Introduction

Abstract

For IgM a strictly associative model cannot be correct since it appears that a single molecule of IgM acquires the ability to bind and activate C1 when the IgM becomes attached to a cell surface. Indeed, IgM has the advantage of being a “built-in” aggregate, so that the degree of intermolecular crosslinking is not a variable altered by attachment. Since IgM is already an aggregated structure, this implies that sites on the Fc responsible for the activation of complement cannot be exposed or preformed to a significant extent prior to the interaction of the combining sites on the Fab with antigen; thus a conformational change in the structure of the Fc region seems essential. However, there does appear to be some interaction between unliganded IgM in solution and C1q. If we accept the concept that the structure of a protein in solution is not static but rather a dynamic equilibrium between all of its kinetically accessible forms, then the sites which interact with complement may flicker into and out of existence prior to the interaction of IgM with antigen.
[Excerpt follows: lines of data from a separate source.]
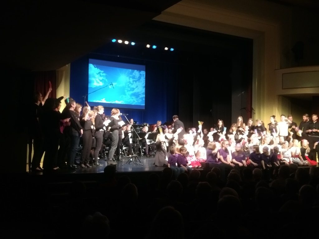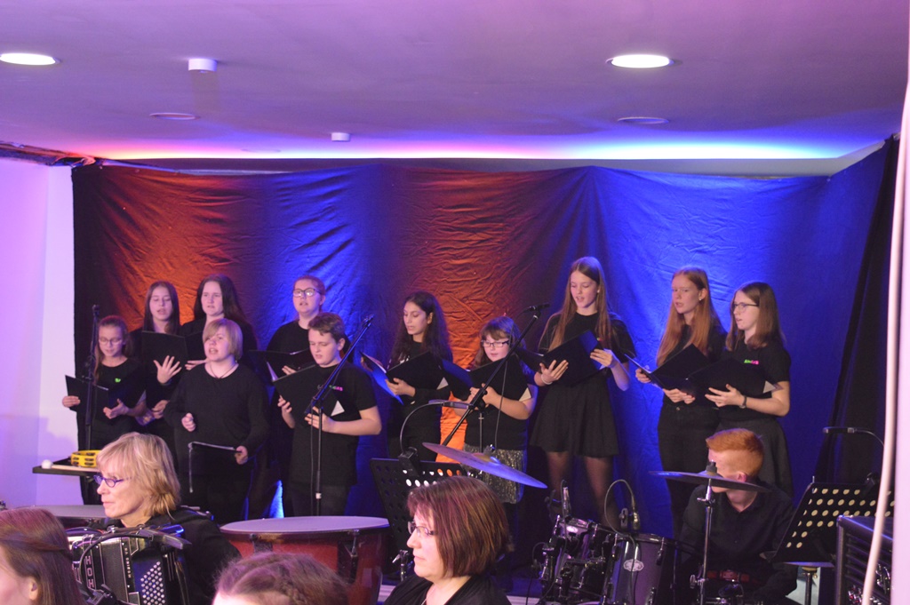 Mit dem bekannten Thema aus „Mission: Impossible“ zeigte das Orchester schließlich nochmals seine technische Vielseitigkeit, bevor zum Finale alle Ensembles gemeinsam auf die Bühne traten. Bei „Always Look on the Bright Side of Life“ sangen und spielten Chor, Band, Orchester, Bläserklassen vereint auf der Bühne. Ein optimistischer Abschluss, der das Motto des Abends auf den Punkt brachte.
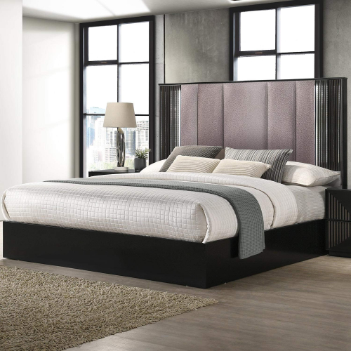 J and M Furniture Rosette King Bed in Black Finish, LED & Tufted Leatherette
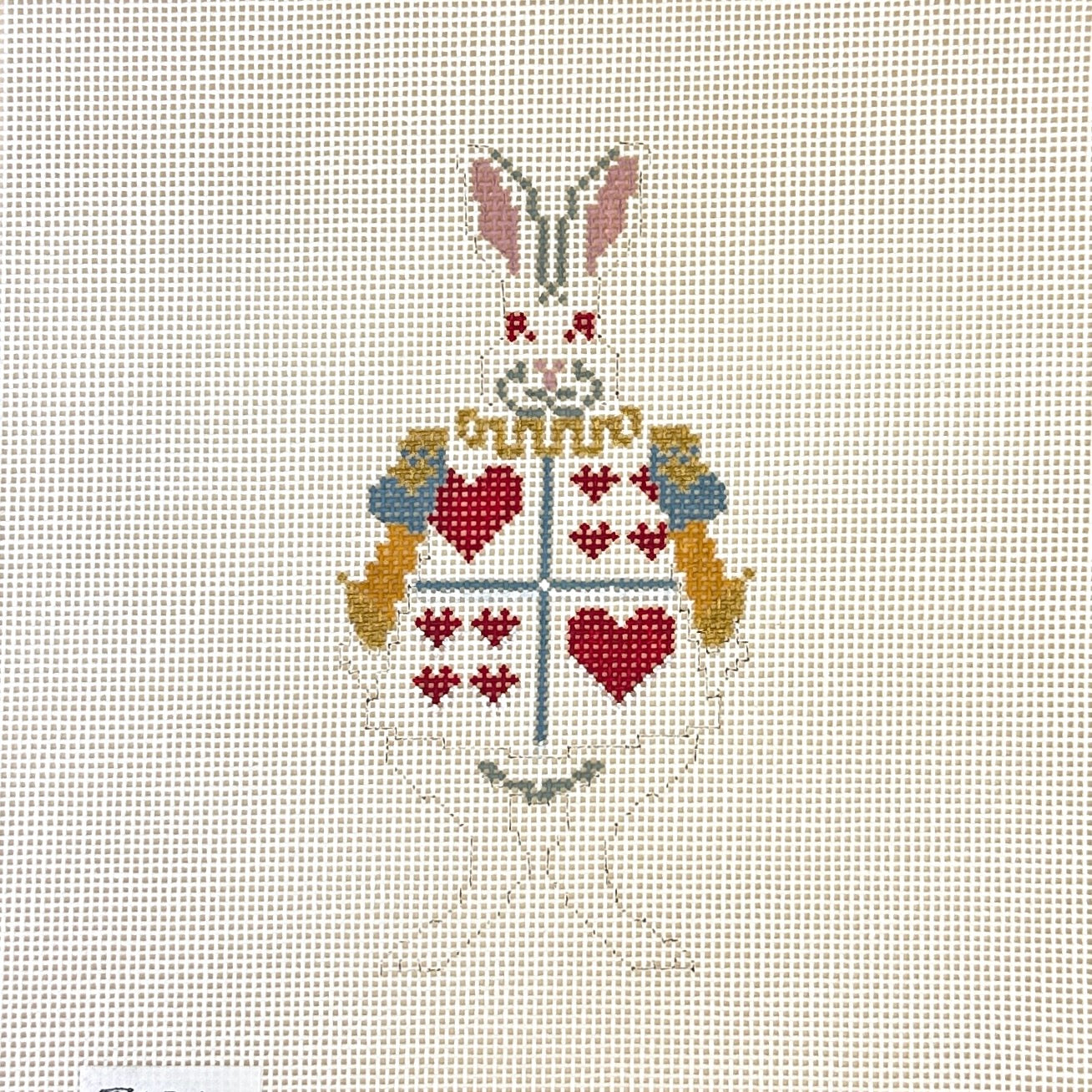 This hand painted needlepoint canvas from Petei for Painted Pony features a mini Court Rabbit from Alice and Wonderland.
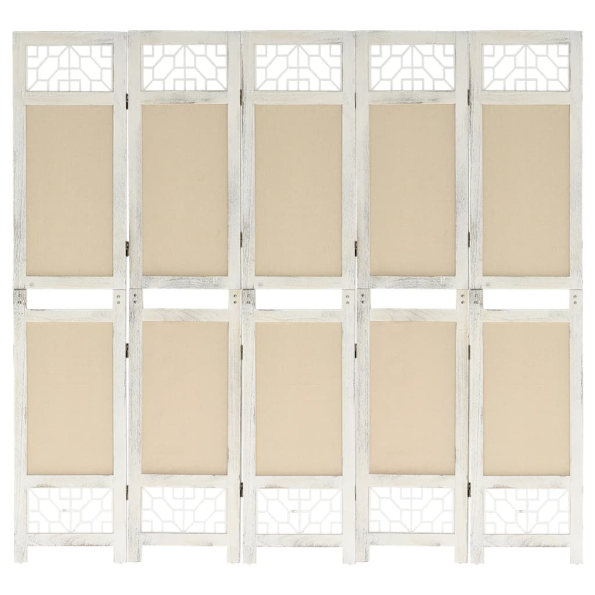 vidaXL 5-Panel Room Divider Cream 175x165 cm Fabric

In this case, there would be a small background rate of complement binding and, perhaps, activation in solutions of unaggregated and unliganded IgM. Then, when IgM binds to a cell surface, this dynamic equilibrium would be much shifted in favor of the forms possessing the sites which interact with complement, and in consequence the rate would be greatly enhanced. This shift in the dynamic equilibrium of protein structures would then represent the conformational change.